A Court of Appeal decision just released has highlighted the desperate need for the introduction of no-fault divorce in England & Wales, with the President of the Family Division, Sir James Munby, denouncing the current law as "based on hypocrisy and lack of intellectual honesty." This comes almost 5 years to the day of another Court of Appeal decision in which the same criticisms of this outdated and unjust law were made, and yet we are no further forward. Why?
The Court of Appeal case concerned the marriage of Tini Owens, who sought to overturn an earlier court decision refusing her application to divorce her husband, Hugh Owens. Mrs Owens alleged that the marriage had irretrievably broken down due to his unreasonable behaviour. Mr Owens challenged this, claiming that the marriage had not broken down, and so a judge was required to consider who was right. The examples given by her included a failure by him to provide her with love and affection, mood swings that led to frequent arguments and making disparaging remarks about her in front of friends and family.
However, while the judge acknowledged that the marriage had broken down, he refused Mrs Owen's application as he felt the allegations were of the "minor kind of altercations to be expected within a marriage". The Court of the Appeal decided that the judge had not applied the law incorrectly and so felt unable to grant Mrs Owen's appeal, albeit clearly reluctantly, acknowledging that while this would leave her trapped in a very unhappy situation it was for the Government, and not the court, to change the law.
In reality, most divorcing couples won't find themselves in the same position as Mrs Owen, as very few divorces are opposed. But many more find themselves in the unhappy situation in which they are required to blame the other in order to obtain a divorce and resolve the arrangements that need to be made arising from their separation. As a divorce lawyer myself, I have lost count of the number of clients who have questioned whether it is really necessary, unwilling to blame their spouse, particularly where both feel they have just grown apart, as is so often the case nowadays.

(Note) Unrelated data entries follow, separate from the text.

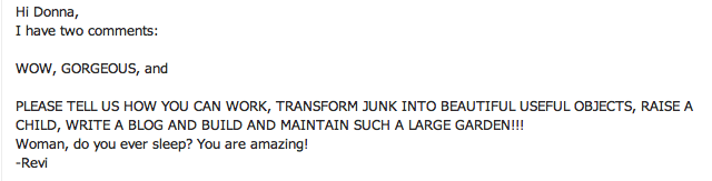 Revi here again! Glad to be a tad useful today. 🙂 As a list maker, I totally appreciate your scheduling and prioritizing. I’m also glad to hear I’m not alone when I photograph a project and it looks all nice and tidy, and behind me is a mess of drop cloths, spray paint cans, etc! I think this is one of the nicest perks of blogging – communicating with others who are on the same page!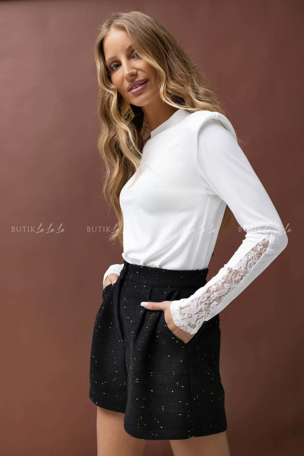 Model ten wyróżnia się unikalnym, kobiecym wzornictwem, którego kluczowym elementem jest ozdobna wstawka z delikatnej, transparentnej koronki. Koronka zdobi rękaw, nadając stylizacji lekkości i eleganckiego charakteru. Prosimy o zwrócenie uwagi, że ażurowa struktura koronki jest cechą dekoracyjną produktu i w tych miejscach materiał naturalnie prześwituje, co jest widoczne na zdjęciach.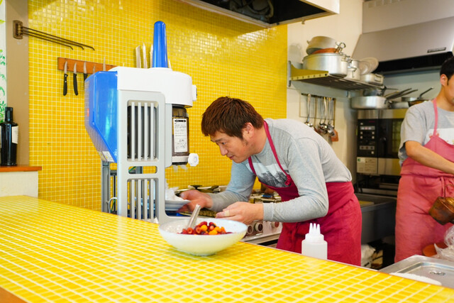 ○木苺(4種類)とスミレのシロップをかけた浅間山の天然氷のかき氷。中にはチョコチップジェラート。こちらはブラウンスイス牛の牛乳を絞って作ったジェラートにアマゾンカカオのチップを混ぜ込んでいる。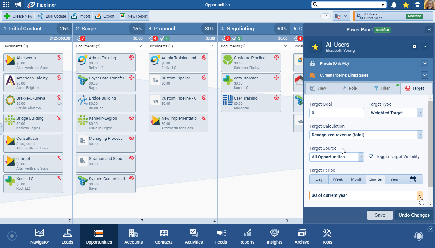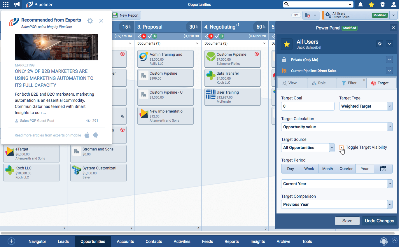 - Hide Target — The “Toggle Target Visibility” addition allows you to choose whether to display the target calculation in front of or behind Won Opportunities. When viewing Opportunities in the PipelinePipeline Sales pipelineis a visual representation of the stage prospects are in the sales process. View, the Target calculation is always displayed over Won Opportunities by default. Now you have an option under Target in the Power Panel to turn this feature off. If you uncheck the Toggle Target Visibility, the Target calculation now will be hidden behind your Won Opportunities.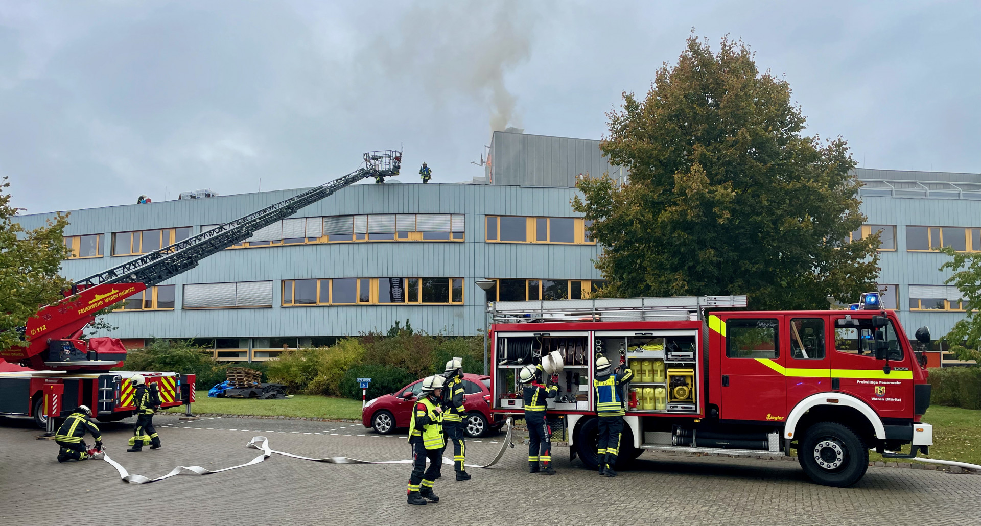 Großeinsatz heute am frühen Nachmittag in Waren: Bei Dacharbeiten hat die Fassade der Beruflichen Schule in der Warendorfer Straße Feuer gefangen. Die Schüler wurden umgehend evakuiert, im Einsatz waren neben den Kameraden aus Waren auch die Klinker Wehr und die Freiwilligen aus Groß Plasten.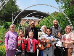 Воспитанники воскресной школы собора с воодушевлением пели песни под гитару. Слушатели с любовью и радостью внимали искренности юных дарований.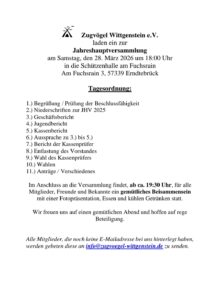 wir laden Euch herzlich zur Jahreshauptversammlung des Zugvögel Wittgenstein e.V. ein:

And yet necessary it remains. In order to obtain a divorce in England and Wales, the person seeking the divorce has to establish that the marriage has irretrievably broken down by claiming one of five facts. Three of those require a period of separation of at least two years, and given that many separating couples may not want to wait that long, the only options available is to claim that the other has either committed adultery (which won't be applicable in many cases and not possible at all for gay couples) or behaved so unreasonably that the other cannot be expected to live with them.
A balancing act often has to be performed between finding examples that are not so anodyne as to be rejected by the court (a risk arguably made more likely by this case) and yet not so contentious or inflammatory as to lead to their spouse to not cooperate. In Sir James Munby's words, this often involves "collusion", in that the couple agreeing to examples of unreasonable behaviour merely to get the divorce approved by the court.
Resolution, the national association of family lawyers dedicated to adopting a non-contentious and constructive approach to resolving family disputes, have long been campaigning for an introduction of no-fault divorce, having seen the damage that the current situation does to so many families. The need to find fault with one of the couple can often set a sour tone for the rest of the process, making it more difficult to resolve the arrangements that need to be made in an amicable manner, and introducing or compounding acrimony when it is least needed.
However, despite numerous calls to change the law, the Government refuses to do so. A Private Members Bill introduced in 2015 seeking no fault divorce was kicked into the long grass, and only last month, the justice minister Lord Keen confirmed that there were no plans to do so. Perhaps they are reluctant to open themselves up to the charge of making divorce easier, but the reality of the modern world is that couples do separate, and we need to question any assumption that divorce should be difficult or unnecessary and unjust hurdles placed in the way. Worse, the stance is contradictory when successive Governments have encouraged couples to resolve their differences out of court, an approach made far more difficult when blame is in the picture.
One may wonder why, in the 21st century, adults are required to ask for the court's consideration and approval of their decision to get a divorce (no such approval, after all, is required to get married). But it is even more egregious that where there is ample evidence of the damage that acrimonious divorces can do to both the couple and any children they have that the law ultimately requires them to start that process by attributing blame for the relationship breakdown. There is no justification for the Government refusing to change this unjust requirement. It's time to end the blame game and introduce no-fault divorce.